Commission des finances : auditions des présidents d’associations d’élus

 

Vous trouverez ci-dessous mon intervention lors de l’audition de M. François Baroin, président de l’Association des maires de France (AMF), M. Dominique Bussereau, président de l’Assemblée des départements de France (ADF), et M. François Bonneau, président délégué de Régions de France, sur la situation des finances locales.

Mme Christine Pires Beaune. Tout d’abord, je ne conteste pas l’idée que les collectivités locales soient mises à contribution comme l’État ou la sécurité sociale. Je n’étais pas d’accord avec la méthode du coup de rabot uniforme appliqué à toutes les collectivités, qui a prévalu au cours du précédent quinquennat, et je ne le suis toujours pas ; elle montre une méconnaissance de l’hétérogénéité des collectivités. Aussi suis-je tentée de trouver plutôt intelligente cette contractualisation avec les 319 plus grosses collectivités, mais elle me semble mal engagée. Par exemple, l’objectif de contenir dans la limite de 1,2 % précisément la progression des dépenses s’appliquera-t-il indifféremment ? Le même pourcentage est annoncé pour toutes les catégories de collectivités, mais est-ce réaliste ?

Que pensez-vous par ailleurs de cet article 24 du projet de loi de programmation des finances publiques pour les années 2018 à 2022, qui impose une nouvelle règle prudentielle aux collectivités les plus importantes ?

J’en viens à des questions spécifiques aux différentes catégories de collectivités.

Quelle est la position de l’AMF sur l’abandon de la révision des valeurs locatives cadastrales ? Si la taxe d’habitation est injuste, c’est effectivement parce que les bases sont injustes. Or elles continueront à s’appliquer pour les taxes foncières, notamment celles applicables au foncier bâti. On prend le problème à l’envers ! Je souligne également le manque de courage de ce gouvernement et du précédent à propos de la DGF. Si tout le monde s’accorde à dire qu’elle est totalement inégalitaire, qu’attend-on pour la réformer ?

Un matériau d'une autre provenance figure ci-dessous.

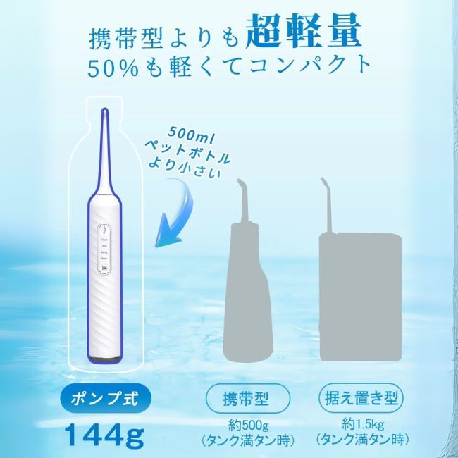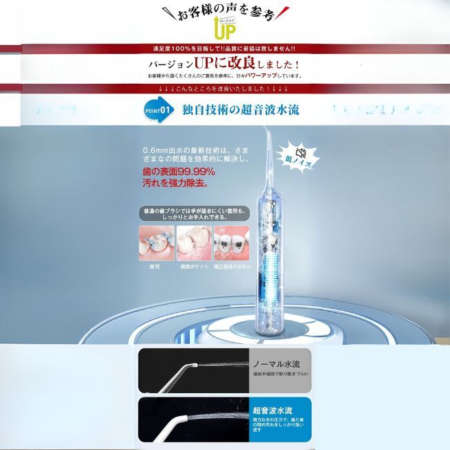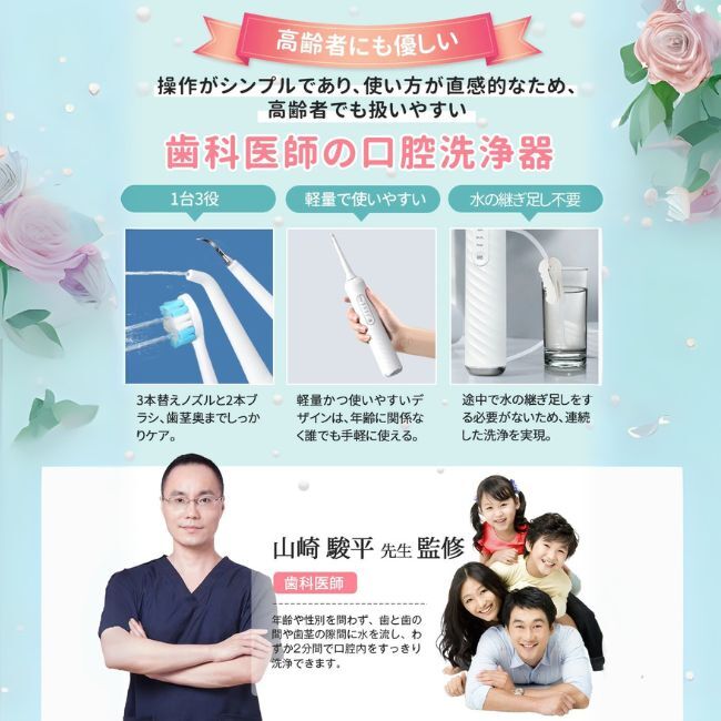 ご覧いただきありがとうございます。 商品名:口腔洗浄器 【この商品が品質で選ばれる理由】 ジェットウォッシャーと電動歯ブラシの2WAYで、タンクレス設計と大容量バッテリーにより、効果的かつ手軽に口腔ケアができます。 ■こんな悩みありませんか? ・歯ブラシだけでは、歯と歯の間の汚れが気になる… ・口腔ケアをもっと手軽に、衛生的に行いたい… ・旅行先でも自宅と同じようにしっかり歯のケアをしたい… ★こんな時におすすめ! ・毎日の歯磨きにプラスして、より徹底した口腔ケアをしたい時に! ・衛生的に口腔洗浄器を使いたい時に便利です! ・出張や旅行先でも、手軽に持ち運んでオーラルケアを続けたい時に役立ちます! ------------------------------------- ◆商品説明 【最新の2WAY口腔ケア】 ・ジェットウォッシャーと電動歯ブラシが一体となった革新的なデザインです。 ・水出し可能な歯ブラシヘッド付きで、歯磨きが終わったらノズルやヘッドを変換せずに直接フロスモードに変えて使用できます。 ・2in1の機能で広い範囲をケアでき、歯ぐきのマッサージや歯ぐきのキワの洗浄にも役立ちます。 【タンクレス設計で水の継ぎ足し不要】 ・従来の据え置き型口腔洗浄器の欠点を解決した、一度に給水ホースを本体に接続するタイプです。 ・途中で水を足す必要がなく、スムーズなケアが可能です。 ・IPX7等級の防水性能でお風呂場でもジェットウォッシャーを使うことが出来ます。 【大容量バッテリーで長時間使用可能】 ・2000mAhのバッテリーを内蔵し、フル充電時の使用可能時間は約60日間です(1日2回、各1分使用した場合)。 ・Type-C充電式なので、手軽に充電できます。 【パワフルな洗浄力とタイマー機能】 ・高い水圧と水流速度で歯垢や汚れをしっかりと洗い流すことができます。 ・歯と歯茎の間に入り込んだ汚れも効果的に除去し、口内の清潔を維持するのに役立ちます。 ・120秒おきに自動的に停止するタイマー機能が付いており、適切な洗浄時間を守ることができます。 ご不明な点などございましたら お気軽に「質問する」からお問い合わせください。 |

J’en viens à l’investissement public et à un mensonge proféré par Mme la ministre auprès du ministre d’État, ministre de l’intérieur : on ne lui a sans doute pas donné la bonne fiche, car l’investissement public est en baisse. Les fonds de dotation des investissements publics sont en baisse. Certes, le montant de la DETR est inchangé, mais celui de la dotation de soutien à l’investissement public local diminue. Sommes-nous d’accord ?

Je voudrais aussi savoir ce que pense le président de l’AMF du fait que les communes les plus riches – je dis bien : les plus riches – ont une DGF dite « négative ». Elles ne sont donc pas ponctionnées pour financer la péréquation. Les communes les plus riches de France ne paient plus du tout de péréquation !

Dernière question pour le président de l’AMF, qu’est-ce qui se cache donc derrière le fonds de modernisation de 50 millions d’euros, d’ailleurs inclus dans la fameuse dotation de soutien à l’investissement local ? Ne serait-ce pas la mise à contribution de toutes les autres collectivités, via un bonus qui serait donné aux quelque 35 000 communes ?

Monsieur le président de l’ADF, à combien le montant du fonds de péréquation des DMTO est-il estimé ? Ces droits connaissent effectivement une progression importante.

Quant aux régions, j’appelle simplement l’attention de mes collègues nouvellement élus. Ils peuvent se reporter aux propos tenus dans l’hémicycle par le Gouvernement : ces 450 millions d’euros sont un engagement pérenne. Nous devons les retrouver dans ce projet de loi de finances !

[…]

M. le président de l’AMF. J’approuve votre position sur la révision des valeurs locatives, madame Pires Beaune. C’est la plus logique et la plus saine. Peut-être le Gouvernement pourra-t-il répondre votre proposition.

Quant à la baisse des investissements publics, je vous ai indiqué l’impact d’une réduction de 25 %. Que ferons-nous à la suite du vote du Parlement ? Le ralentissement de l’investissement public local peut se poursuivre, ce qui s’ajoutera aux problèmes en matière de logement, qui ont un effet sur la production. On nous annonce 50 000, 60 000 ou 70 000 disparitions d’emploi dans les secteurs du bâtiment et des travaux publics confondus. Il faut regarder les investissements, et examiner l’effet de ciseau entre blocage des investissements annoncé par le ministère des transports et relance dans les contrats de plan, mais il y aura forcément un effet récessif, sans doute assez rapidement, mais nous ne pouvons dire quelle en sera l’ampleur.